Cabinet feedback” seems to be the euphemism of the day, at least so far as David Lammy’s sweeping reforms to the criminal court system in England and Wales go.
One can only imagine the formal and informal pressure that was exerted on the lord chancellor when his colleagues discovered, via leaks and, presumably, Whitehall gossip, that a shake-up of the legal system, which would signal the beginning of the end for trial by jury, was supposedly being considered, according to The Independent.
Lammy has instead announced the creation of new “swift courts”, which will see a judge decide verdicts in thousands of cases, scrapping jury trials for “either way” cases, including those for assault, burglary and drug dealing. This is one government U-turn that is to be warmly welcomed.
Despite the country’s all-too-apparent economic problems and the perma-crises in the public services, Britain cannot have sunk so low as to deprive its citizens of a human right they have enjoyed for 800 years, and in times far tougher than today. It was not, after all, restricted so much even in wartime and, aside from the Covid pandemic, the only part of the United Kingdom where it has been more routinely denied was in Northern Ireland for a brief, and disastrous, period for terrorism offences during the height of the Troubles.
More pertinently, Lammy and his colleagues in the justice department are perfectly correct to place another well-respected principle of fairness on the judicial scales — that “justice delayed is justice denied”. It cannot be right that victims of rape, for example, should need to wait four or five years to see their cases heard — and too many drop out of the system because of the agony of that delay.
The courts, like the prisons, have relied to an extraordinary extent on paper systems, and those will often be more prone to human error than a digital system, as well as being more costly and less efficient. Modernisation has become the most urgent of tasks. It would certainly help relieve Lammy of the duty of defending the accidental release of random convicts.

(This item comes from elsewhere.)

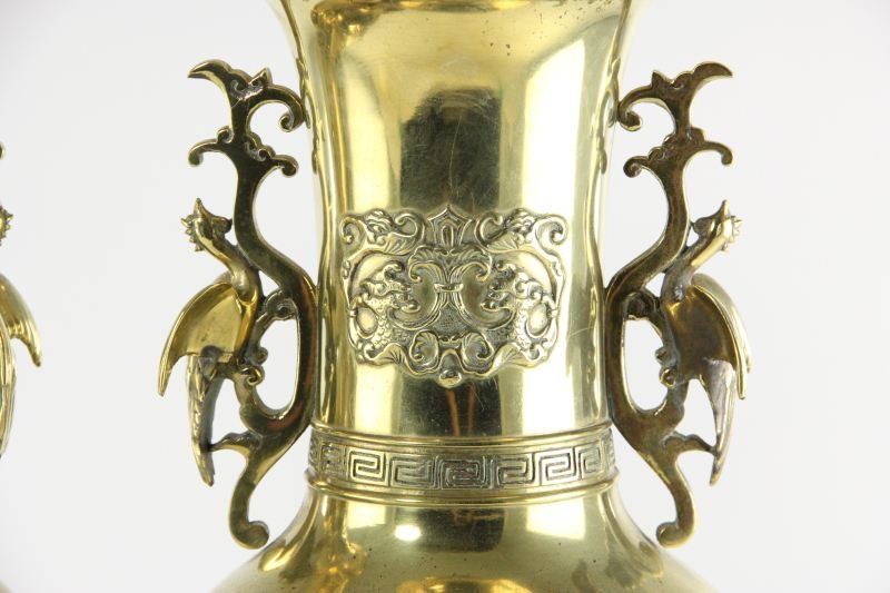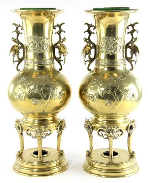 Obtained recently from the Edan Earle Boykin Estate, a pair of 20th century brass censers, tall vase form, mounted on bases where burner would be placed, applied dragon handles, gargoyle legs, Greek key designs, 18.5 x 8 in. diameter.  Very good condition although slight leg wobble on 1 or 2 legs.

The story does, though, raise some questions about Lammy’s judgement. It would have been far better for him to have accepted the reform agenda originally handed to him after careful study by Sir Brian Leveson, a highly distinguished judge additionally endowed with a keen and rare sense of the art of the possible.
We are now more or less back where Sir Brian’s review recommended, with modest reforms to the system that balance justice and cost with new courts fitting between the magistrates and the crown courts. Lammy calls his version “swift courts”, which at least captures the purpose of them. After all, it was never sensible even in the time of King John to make jury trial automatic for the most trivial of offences, and most transgressions are competently dealt with by magistrates alone.
On balance, there may be no alternative to having judge-only trials for particularly technical and lengthy fraud and financial offences. It is and always has been a question of balance. In all events, the present system of appeals remains intact.
Cases where the potential outcome is close, and those with a “public interest”, or political aspect, also need to be protected by a jury: incitement, protest, human rights and terror spring to mind.
Thus, one danger that Lammy must reassure the public and parliament about is any sense that jury trial as a democratic backstop is about to end. There are many celebrated historical cases over the centuries that have entrenched the rights of juries not to convict even in cases where the evidence and a judge’s summing-up point in that direction.